How to Calculate Mutual Fund Returns?
In today’s world, investing money properly and safely like Mutual funds is very important. At the same time having a thorough knowledge about every aspect of mutual funds like, what is a portfolio of mutual funds, how it works, its benefits, how calculating mutual fund returns is beneficial for investors and much more, is important too.
Mutual Fund – Best way to invest your money
Depending on the current market condition and also the economic condition, the best way to invest your money is to invest in mutual funds. Often it is seen that people don’t have a clear idea about mutual funds and the benefits it comes with and thus they shy away. But having a great mutual fund portfolio will always give better returns.
Investing in mutual funds is not a big task, but deciding in which scheme to invest in is a difficult task as each one comes with different benefits. So before investing in mutual funds, setting your objectives straight is very important.
Some important key points for the ones who are starting fresh in this field are:
- You need to have your goals set, to determine where and how to invest.
- Setting an objective, be it for long term or short term, is important before investment.
- You can start with any amount, that can be as low as Rs.500.
- Channelize your investment in more than one sector like pharma, banking, real estate etc.
- Start with the scheme of automated investment every month
The major mutual schemes that one can invest in, to get remarkable benefits in the future are:
- Equity Funds- The main aim of this scheme is capital appreciation and creation of wealth, which is best for the long term and comes with good returns.
- Income or bond Funds- One of the safest forms of investment, which is best for the generation of regular income.
- Hybrid Funds- This scheme gives the best return and has the best potential for higher growth.
Mutual fund investment is one of the safest ways of investments, through which one can channelize their money wisely and get great returns as well. They provide a plethora of options to invest in, for greater benefits and returns. There is no hard and fast rule that one has to invest in only one mutual fund to get their goals achieved. One can easily spread their investment in more than one mutual fund as well. At the end of the day, three is more than two and four is any day more than three, so that way it goes on.
What is a Portfolio?
As mentioned above, one can easily invest in more than one mutual fund so that the total investment gets distributed and good returns can be achieved in the future. The total collection of funds that one invests in is said to be his mutual fund portfolio. It’s just like 5 eggs in a basket that is carried by someone. The eggs represent the mutual fund’s owner by the investor and the basket carrying the eggs represents the investor’s portfolio.

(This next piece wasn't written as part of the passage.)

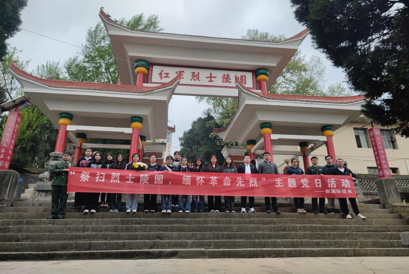 清明节到来之际,为进一步加强党性教育,致敬英雄、感恩先烈,引导广大师生传承优良革命传统,2024年4月1日上午,资源环境系学生党支部赴鲁班红军烈士陵园开展清明节祭扫活动。

Creating a good mutual fund portfolio is like building our house step by step. But all the rooms in the house must work perfectly to create a successful result. Similarly having a good portfolio of a bunch of mutual funds, will yield good results in the future.

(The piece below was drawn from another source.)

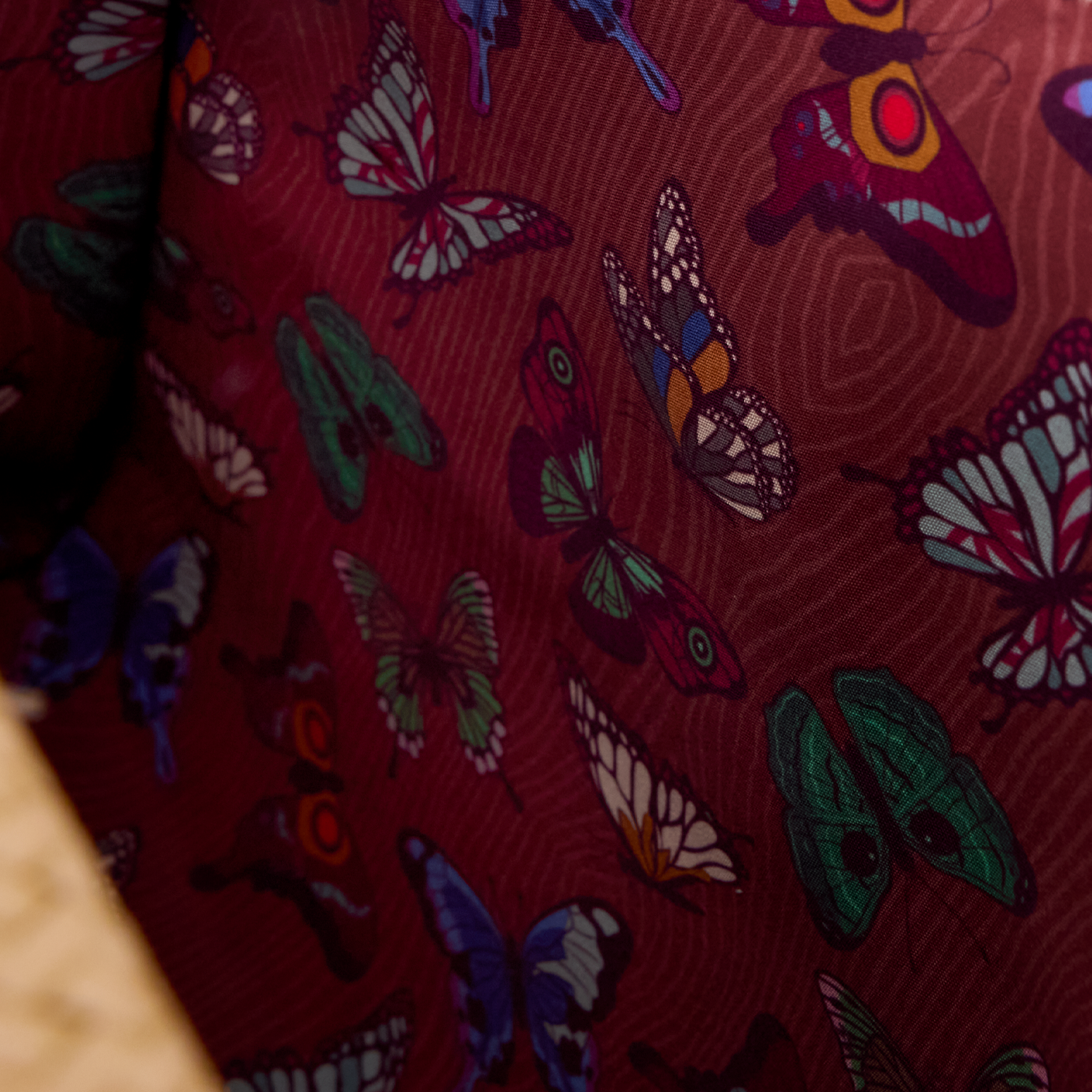 Rustic florals for spring are in! And the perfect accessory is this crossbody bag inspired by Groot from Marvel’s Guardians of the Galaxy. Groot hangs out amongst embroidered florals on the front and back of the bag. Chenille butterflies flutter on a rattan-textured faux leather top flap. Look closely and you’ll see a molded metal charm of Groot, two green tassels hang below him. The look is topped off with a real wooden handle!

Designing a mutual fund portfolio is not a big task, but making a proper one is very important to get good returns on your investment later on.

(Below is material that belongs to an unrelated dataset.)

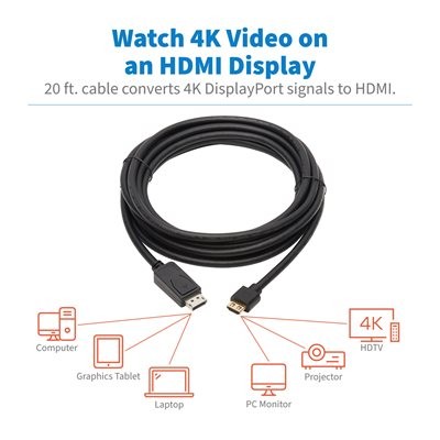 Tripp Lite’s DisplayPort to HDMI Adapter helps you transmit digital audio and 4K video from the DisplayPort 1.2 output on your desktop computer, laptop or other compatible device to a 4K HDMI-enabled television, monitor or projector. It’s ideal for working in high-definition photography, videography or cinematography, as well as streaming video for digital signage in crystal-clear 4K.

Set your goal – Every investor before going for mutual funds investment needs to understand their needs and requirements, as in why they aim to invest in creating a portfolio. Whether they are choosing long term or for short term investment, it is completely their discretion and that depends on their goals and priorities.
Deciding on the investment – Experts say, deciding on how much to invest and where to allocate the investment is the most important and crucial task of all. If your investment involves diversification, then the risk factor slightly reduces and the return on investment is also quite good.
Keep a track – Often it is seen that keeping a track of all the mutual funds becomes a difficult task. When you get good returns from one single fund, then it tends to be always on your mind while others just vanish, but that’s not how it should be. Keeping a track of all the mutual funds that one owns is very essential for good returns.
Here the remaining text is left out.